Smith, coldly furious, said, “If you are quite finished here, please explain to me who now is going to close and lock the doors behind us and reapply the seals?”

Fang nodded at the man who had taken out the first guard. “He is.”

“And how, then, will he join us?”

“He won’t. He stays behind. He stays behind,” Fang repeated when Smith burst into another flood of Korean. He started toward the nearest container and after a tense moment Smith followed with ten of his men and five of Fang’s. Jones and the rest went into the second container.

The door thudded shut behind them and Fang could hear the seals and padlocks clicking back into place. The dark descended like a suffocating blanket. Instantly Fang wanted to be back outside freezing his balls off. More nervous sweat rolled down his spine. He didn’t like the dark, and he didn’t like small enclosed spaces. He didn’t like any of this at all, and the prospect of being stuck here for any length of time was not appealing. He wondered if he could advance the timetable and resolved to take up the topic with Smith at the earliest opportunity.

He wondered if Smith would listen to anything he had to say. He couldn’t understand Smith’s anger at the killing of the Russians. Anybody would think Smith wanted to get caught.

There was a snick and a light appeared. Smith had a flashlight. They were sandwiched between the doors and the cargo, equipment of some kind swathed in plastic and padding, most of it strapped to pallets. Smith motioned them to follow him as he edged his way between the front pallets and the walls of the container. This was ten times worse than just standing around in the dark. Fang’s clothing and equipment caught on every protruding bolt, and several times he was afraid he was going to have to ask for help, but at last they were behind the first row of pallets.

Smith was already unhooking the second layer of strapping and was ripping into the crates stacked there.
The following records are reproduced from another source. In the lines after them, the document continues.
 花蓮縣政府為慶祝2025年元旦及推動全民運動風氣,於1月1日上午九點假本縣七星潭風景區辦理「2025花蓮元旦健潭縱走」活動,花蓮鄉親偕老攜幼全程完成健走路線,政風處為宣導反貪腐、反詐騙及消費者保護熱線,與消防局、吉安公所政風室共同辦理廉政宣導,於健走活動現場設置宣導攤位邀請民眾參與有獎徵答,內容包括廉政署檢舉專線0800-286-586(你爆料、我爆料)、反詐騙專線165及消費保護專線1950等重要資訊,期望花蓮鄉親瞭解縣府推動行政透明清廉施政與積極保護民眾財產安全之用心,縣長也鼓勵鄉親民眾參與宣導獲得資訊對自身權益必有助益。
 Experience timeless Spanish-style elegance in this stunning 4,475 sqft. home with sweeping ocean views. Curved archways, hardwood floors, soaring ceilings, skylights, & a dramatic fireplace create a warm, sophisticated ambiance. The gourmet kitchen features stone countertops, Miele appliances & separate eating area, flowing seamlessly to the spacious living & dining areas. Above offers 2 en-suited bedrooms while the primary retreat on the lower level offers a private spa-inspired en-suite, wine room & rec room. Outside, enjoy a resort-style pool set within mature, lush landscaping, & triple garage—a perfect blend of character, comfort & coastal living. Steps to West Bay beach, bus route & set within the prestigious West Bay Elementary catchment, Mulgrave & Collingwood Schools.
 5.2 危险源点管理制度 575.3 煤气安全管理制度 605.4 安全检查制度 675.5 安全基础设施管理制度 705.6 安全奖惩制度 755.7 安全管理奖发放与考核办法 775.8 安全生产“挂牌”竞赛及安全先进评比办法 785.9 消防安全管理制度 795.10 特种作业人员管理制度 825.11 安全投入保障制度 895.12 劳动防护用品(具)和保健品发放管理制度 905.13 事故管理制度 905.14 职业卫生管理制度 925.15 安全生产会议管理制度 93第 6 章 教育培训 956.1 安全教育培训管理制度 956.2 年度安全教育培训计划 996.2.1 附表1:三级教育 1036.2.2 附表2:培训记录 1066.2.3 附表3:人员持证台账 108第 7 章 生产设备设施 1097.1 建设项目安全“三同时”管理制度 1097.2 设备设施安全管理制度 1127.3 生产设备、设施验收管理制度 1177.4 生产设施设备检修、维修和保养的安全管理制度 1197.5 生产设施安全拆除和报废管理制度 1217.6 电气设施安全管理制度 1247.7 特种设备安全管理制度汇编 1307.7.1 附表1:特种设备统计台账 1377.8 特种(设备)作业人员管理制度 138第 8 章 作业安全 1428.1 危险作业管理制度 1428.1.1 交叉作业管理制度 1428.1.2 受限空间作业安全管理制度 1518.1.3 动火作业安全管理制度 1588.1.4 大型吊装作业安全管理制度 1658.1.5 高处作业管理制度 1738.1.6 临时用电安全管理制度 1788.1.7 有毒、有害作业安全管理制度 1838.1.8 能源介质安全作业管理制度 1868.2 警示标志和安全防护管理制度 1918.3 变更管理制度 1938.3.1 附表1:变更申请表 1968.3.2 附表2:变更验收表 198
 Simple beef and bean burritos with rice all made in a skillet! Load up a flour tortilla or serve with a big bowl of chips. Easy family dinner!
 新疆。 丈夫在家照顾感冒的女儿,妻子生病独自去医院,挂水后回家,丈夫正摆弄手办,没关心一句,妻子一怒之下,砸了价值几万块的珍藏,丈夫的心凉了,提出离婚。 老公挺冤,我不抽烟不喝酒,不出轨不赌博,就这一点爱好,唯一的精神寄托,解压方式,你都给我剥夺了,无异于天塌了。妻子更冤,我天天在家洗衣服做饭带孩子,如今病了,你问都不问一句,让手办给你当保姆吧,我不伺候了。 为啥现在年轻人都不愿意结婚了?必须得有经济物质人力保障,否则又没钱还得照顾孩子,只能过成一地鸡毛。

These crates were identified as being shipped to the Mattel Corporation. Fang examined the label more closely in the dim light cast by the flashlight and saw that the crates were supposed to be full of dolls. Instead they yielded hammocks and sleeping bags, chemical toilets, prepackaged foods, a two-burner camp stove, a set of cook pots, bowls and mugs and spoons, a satellite phone, a whole case of batteries for it, decks of cards, and a mah-jongg game.

The crates and boxes were disassembled and stuffed into the space between the cargo and the container. They attached hooks to the walls of the container and slung the hammocks. At Smith’s direction, one of the men unfolded the stove and boiled water for tea and noodles. Fang slurped both down with gratitude, feeling the heat spread into his hands and feet.

Something flapped over his head and he ducked instinctively and looked up. The container had a canvas roof.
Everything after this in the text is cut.